A major issue regarding cloud pixel recovery is the resolution mismatch between the input predictors and predicting target. The coarse resolution data normally have high temporal frequency thus temporal information can be important for information reconstruction, although temporal information is rare in the 30 m resolution data. The methods for reconstruction of 30 m resolution data can be divided into spatial based, temporal based and auxiliary sensor based depending on the information utilized.

2.2. Data Recovery Using Machine Learning Methods

Machine learning has been applied to recover numerous types of data in various fields of study and has been proven to produce reasonable relationships from small datasets while remaining relatively robust in the presence of noisy or missing input [31]. This is mainly the result of their capability to capture complex, nonlinear and dynamic relationships in function generalization and regression as well as classification of data. Specifically, evolutionary algorithms, including genetic programming, feed forward back propagation neural networks, support vector machines, and deep learning algorithms [12,31,32] are effective at recognizing subtle patterns and thus have been employed to characterize the complex relationships between the cloudy and cloud-free pixels in the historical time series over spatial and spectral domains [15]. However, clustered missing data such as seasonal storm clouds over multiyear time scales make the compilation of viable training and test data difficult. To combat this, ancillary predictor variables can aid in developing models to capture the variability of the data. Choosing and developing these ancillary variables for use in change detection analyses requires that they have compatible spatial and temporal scales. Therefore, most conventional methods have suffered from lower learning capacity which hampered their applicability in broader contexts.

Decision tree based methods such as Random Forests (RF) [33] are recognized for their ability to recover missing values as well as accommodate high dimensional data and complex relations among variables. For example, RF has been used to improve the prediction of missing values using laboratory generated medical data [16] and also to classify salt marsh vegetation [34]. In general, RF is a decision tree based method for classification and regression. It is an ensemble of multiple decision trees, or a set of hierarchically ordered conditions that produce individual predictions (i.e., class or regression value) which are then aggregated into a single prediction by majority vote (classification) or averaging (regression). The conditions are sequentially applied to a randomly selected subset of the data from a root (parent) node to a terminal (or child) node to make repeated predictions of the phenomenon represented by training data [33]. The child nodes can be thought of, metaphorically, as the leaf of a tree.
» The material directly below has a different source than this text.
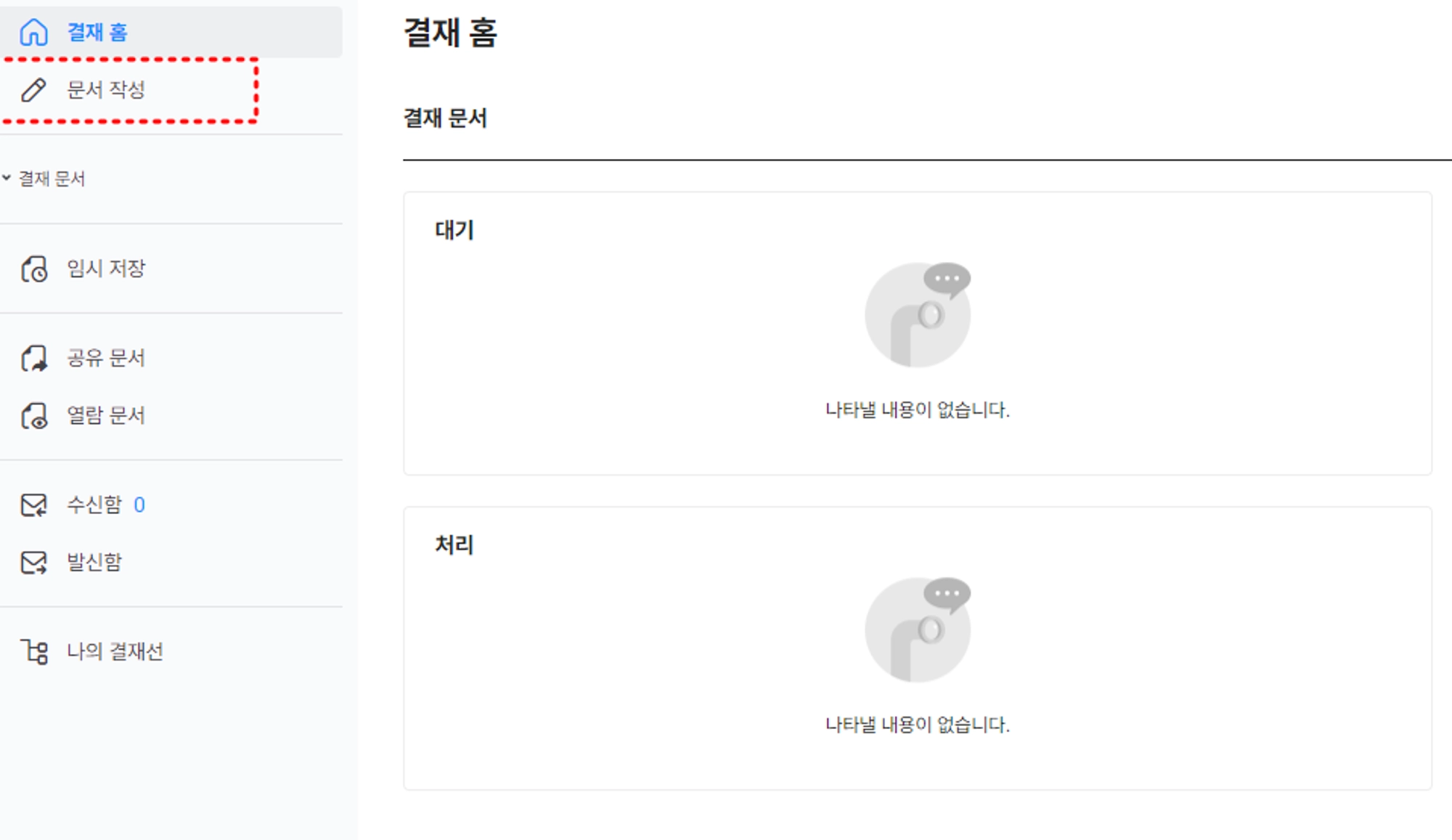 결재 홈 하부메뉴 [문서작성]을 선택 합니다.

The trees used in developing the RF algorithm are referred to as Classification and Regression Trees (CARTs). The prediction of missing data values is generally achieved through a model developed by the algorithm and a set of training data. The model contains a number of CARTs set by the model developer. Training and testing (and sometimes validation) datasets are extracted from the total data corpus to train the model and then test (and validate) the model’s prediction capabilities. The predictions for a RF regression model are trained by finding the mean of all the predictions of each CART that best minimize the error function. Each decision tree in a RF utilizes a randomly chosen subset of the training data, with replacement, so that each tree in the ensemble samples from the entire training dataset [35]. The prediction output of the RF is the average prediction from all regression trees in the forest or ensemble, or the classification receiving the highest number of “votes”. Recursive splitting and multiple classifications or regressions are carried out to run the analysis of the decision trees [36].

2.3. Hydrologic Parameters and Their Relationship with NDVI

Barbosa and Lakshmi Kumar [37] showed the links between NDVI and rainfall in north eastern Brazil. They explored vegetative drought in the region and found rainfall (or lack thereof) as the dominant causative factor in the event. Fu and Burgher [38] found that the maximum temperature primarily splits NDVI values, followed by previous rainfall and then inter-flood dry period and resulting groundwater levels and suggested that warmer months required more rain compared to cooler months to attain similar mean NDVI values in areas of high NDVI such as riparian zones, likely due to higher local evaporation. Inter-flood dry periods were also found to be important for maintenance of NDVI levels, especially when rainfall is limited. Another contributing factor in NDVI dynamics is the groundwater level. Shallower groundwater levels tend to enhance NDVI and thereby vegetation greenness primarily due to the wetter environment [38]. Wang et al. [39] examined spatial responses of NDVI to precipitation and temperature during a 9-year period (1989–1997). Among the considered climatic factors, precipitation and temperature strongly influenced both temporal and spatial patterns of NDVI. Hao et al. [40] explored the linkage of NDVI to temperature and precipitation in northern china. The NDVI response for grassland and forest to three climatic indices (i.e., yearly precipitation and highest and lowest temperature) was analyzed showing that the yearly precipitation and highest temperature were correlated with NDVI. To summarize the work done to date and illustrate the novelty of the proposed method, Table 1 shows previous missing data prediction methods along with their advantages and disadvantages.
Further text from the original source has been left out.